Сама она была, как мне казалось, довольна такой жизнью. Я часто слышал, как она пела в душе, отдавая предпочтение репертуару Димы Билана. Изо дня в день глаза ее не переставали сверкать, голос был бодрый, походка упругая, и, по ее мнению, наша совместная жизнь была чем-то вполне пригодным для употребления. А я все чаще думал, как это банальное увлечение шаурмой привело меня к такому унизительному подкаблучно-трезвому существованию. Все-таки не зря говорят, что фастфуд вреден.

Работа в автомойке тоже не способствовала улучшению настроения. Противно было так бездарно терять лучшее время жизни, отмывая чьи-то авто от омерзительно грязного семейского снега. В боксе было холодно, намерзшие под кузовами серо-черные сталактиты долго удалялись даже горячей водой, в общем, работа стало много тяжелей, а денег на круг выходило меньше, так как в день удавалось вымыть меньшее количество машин. Иногда мне хотелось плакать. Держа в покрытых цыпками руках щетку и шоркая ею очередной резиновый коврик, я думал о том, что мог бы сейчас сидеть в теплой квартире, передо мной стояла бы подруга-бутылка, какая-то закуска, и так бы все было славно. Но, увы, какой-то другой счастливец в этот момент наливал себе вторую, а то и третью рюмку, выпивал ее залпом, счастливо выдыхая, а я, позорно трезвый, мыл провонявшую потом "Приору" какого-то уродливого толстяка.

Все эти треволнения привели к тому, что я часто стал задумываться о жизни, о ее устройстве и смысле. Не зря говорят, что лишения и гонения рождают философов. Сидя дома тягучими выходными, ожидая, когда придет с работы Айгуль, я вспоминал беспечные былые деньки, когда я был свободен и тем счастлив. Всем людям суждено умереть, и трудно представить, что, понимая это, большинство все же тратит жизнь на такую ерунду, как карьера, увеличение своего благосостояния, погоня за модой, беспокойство из-за общественного мнения. Скурив косячок и выпив пару пива, я был счастлив абсолютно, гораздо счастливее какого-нибудь миллиардера, который постоянно переживает, что у соседа миллиардов поболе и жена помоделистей. Места в земле мы с этим богачом займем примерно одинаково, но саму жизнь я проживу гораздо беспечальнее. Кроме того, никто не знает, когда в очередной раз вонючим политиканам взбредет в голову идея всучить тебе автомат в руки и, напичкав патриотическими словесами, отправить убивать каких-нибудь финнов или японцев. Это может случиться хоть завтра. И, сидя в обосранном окопе, ты будешь глубоко сожалеть о каждом не скуренном косяке, каждой не выпитой рюмке, каждой не трахнутой бабе. Я никогда особенно не задумывался над такими глубокими вопросами, что само по себе было признаком правильно устроенной жизни, но в глубине души всегда недоумевал, почему все не стремятся жить подобно мне. С уверенностью можно утверждать, что я почти достиг просветления, когда в моей судьбе появилась Айгуля. И теперь я вкушал прелести жизни "как у всех", и, честно сказать, был сыт по горло.

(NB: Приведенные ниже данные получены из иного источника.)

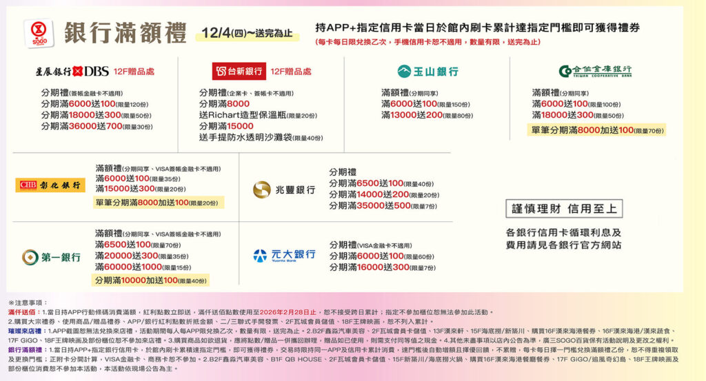 指定銀行刷卡 滿額好禮再加碼
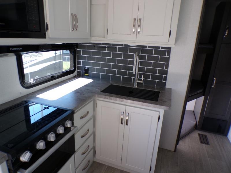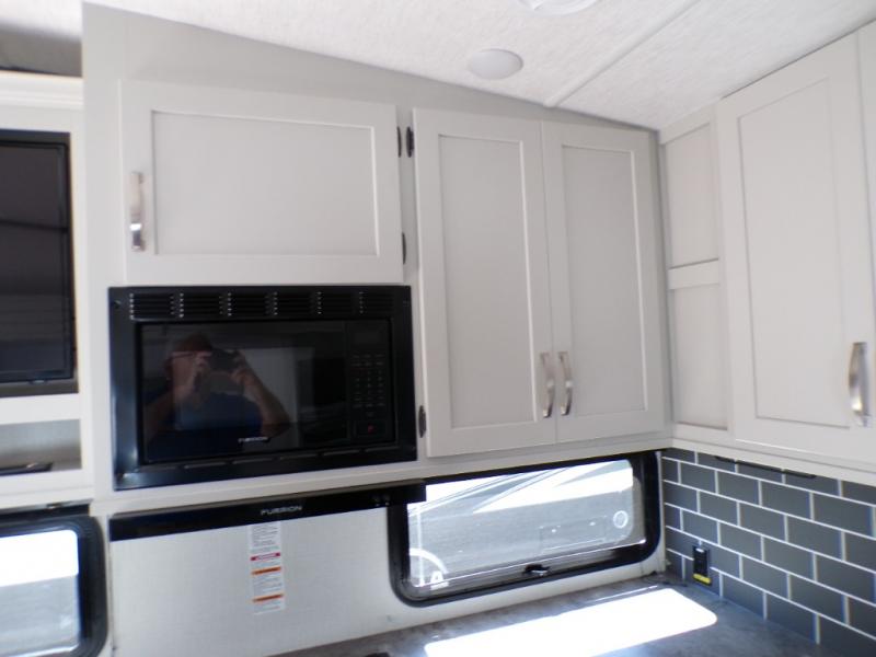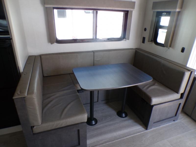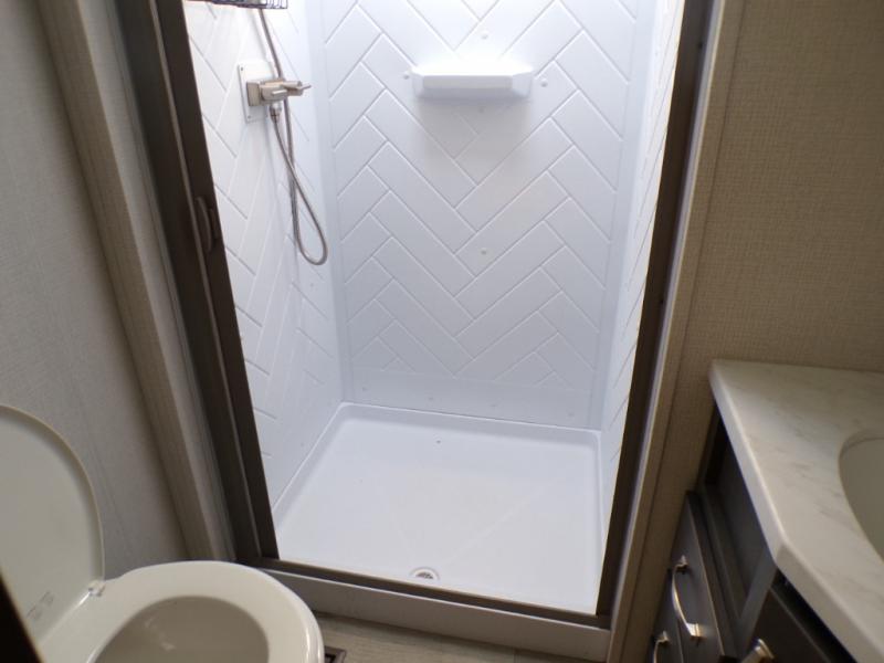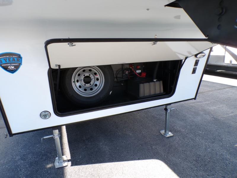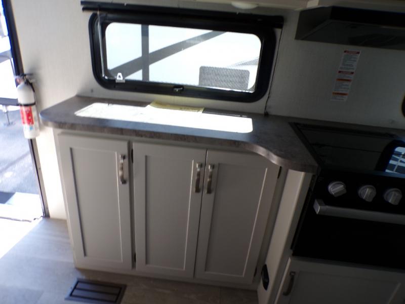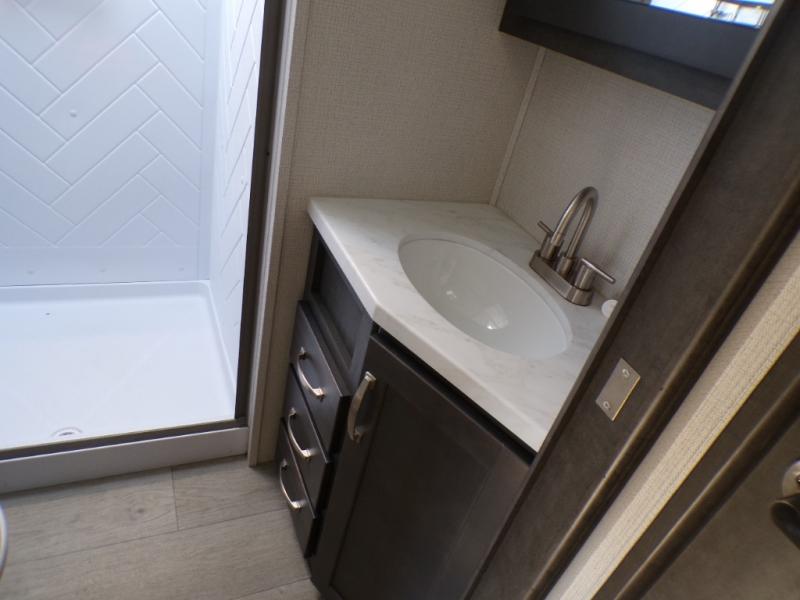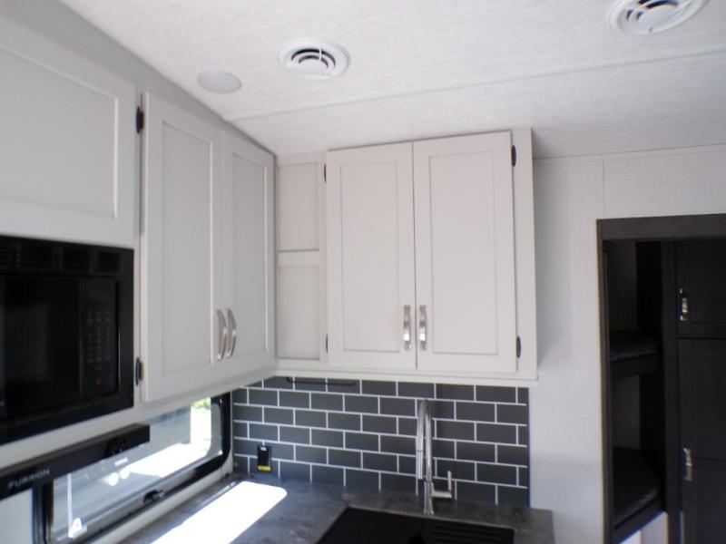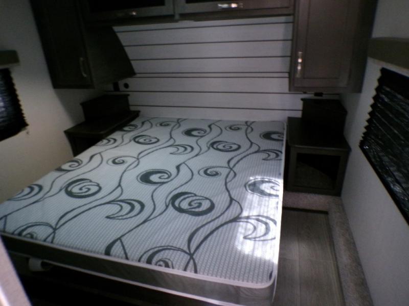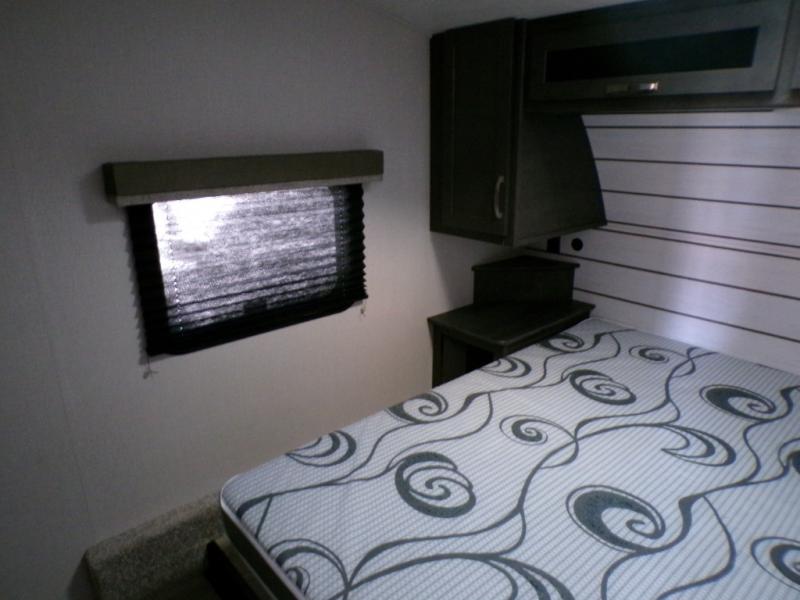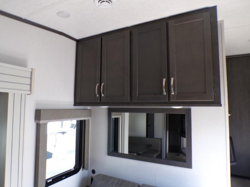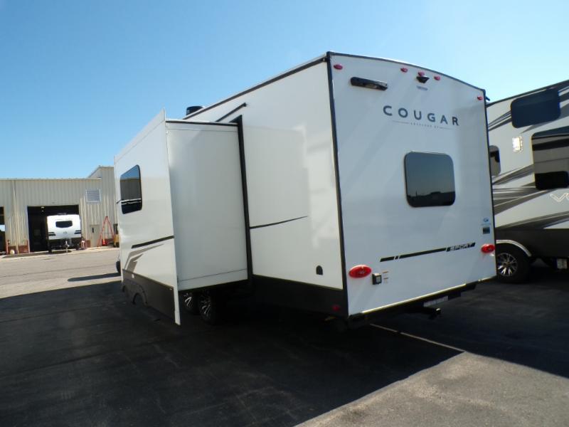 The Cougar Sport structural I-beam frame with stamped steel cross-members and outriggers, plus its laminated sidewalls with five-sided aluminum superstructure and Alpha Super Flex roof membrane are what active RVers love about the construction of the Cougar line. The Cougar Sport models are no exception when it comes to a great package, as well as being smaller and lighter weight than their big brother Cougar models. A one-piece, heated and enclosed polypropylene underbelly means a longer camping season. On the inside, residential shaker style hardwood cabinet doors and decorative crown molding, plus seamless pressed countertops and an on-demand water heater will make your unit feel even more like home. You are also sure to appreciate the shiplap style decorative accent wall behind the bed, a porcelain foot flush toilet in the bathroom, plus residential kitchen hardware, and so much more.

Время шло, подходила к концу зима, и мой долг Айгуле приблизился к полумиллиону. Меньше чем через полгода я вновь обрету свободу. Но уже теперь я задумывался над тем, что же будет дальше.

Айгуля мне нравилась. Она, действительно, красотка, и я даже согласен жить с ней и далее, лишь изредка захаживая налево, без чего нормальному мужчине, разумеется, не обойтись. Но вот самые основы нашего сосуществования, разумеется, придется пересмотреть. Конечно, нужно уметь находить компромиссы, совместная жизнь - дело ответственное. Я уже не смогу пить каждый день, как раньше. Придется два-три дня в неделю потерпеть, благо, есть анаша. Ну и, разумеется, надо будет поискать другую работу. Если сильно повезет и Аллах будет милостив, осенив благое начинание, можно будет рассорить Айгулю с братом и самому занять место совладельца этой их закусочной. Да, над этим стоит подумать.

Сама же Айгуля тоже то и дело принималась строить долговременные планы. Конечно, факт того, что она мечтает жить со мной сколь удастся долго, меня не удивлял. Удивляло и раздражало другое: в своих нелепых мечтаниях Айгуля представляла нашу совместную жизнь так, как она шла до сих пор, безо всяких изменений. Заговаривала о ремонте, об обновлении мебели и приобретении всяких плюшевых и кружевных финтифлюшек, о поездке в Египет и прочем мещанском, как будто пиво и травеха будут доставаться мне бесплатно и на все ею нафантазированное у нас останутся деньги. Пока, конечно, я не мог заявить своей девушке, что единственной тратой по хозяйству в нашем совместном будущем станет покупка губозакатывательной машинки для нее, но в свое время таки придется спустить ее с небес на землю. В общем, Айгуля вела себя так, будто я был быком, которому спилили рога, или котом, сведшим трагическое знакомство с ветеринаром, и потому ручным, одомашненным и послушным. Это злило. С чего она вообще взяла, что я не брошу ее после окончательного списания долга? Чисто женская необоснованная самоуверенность.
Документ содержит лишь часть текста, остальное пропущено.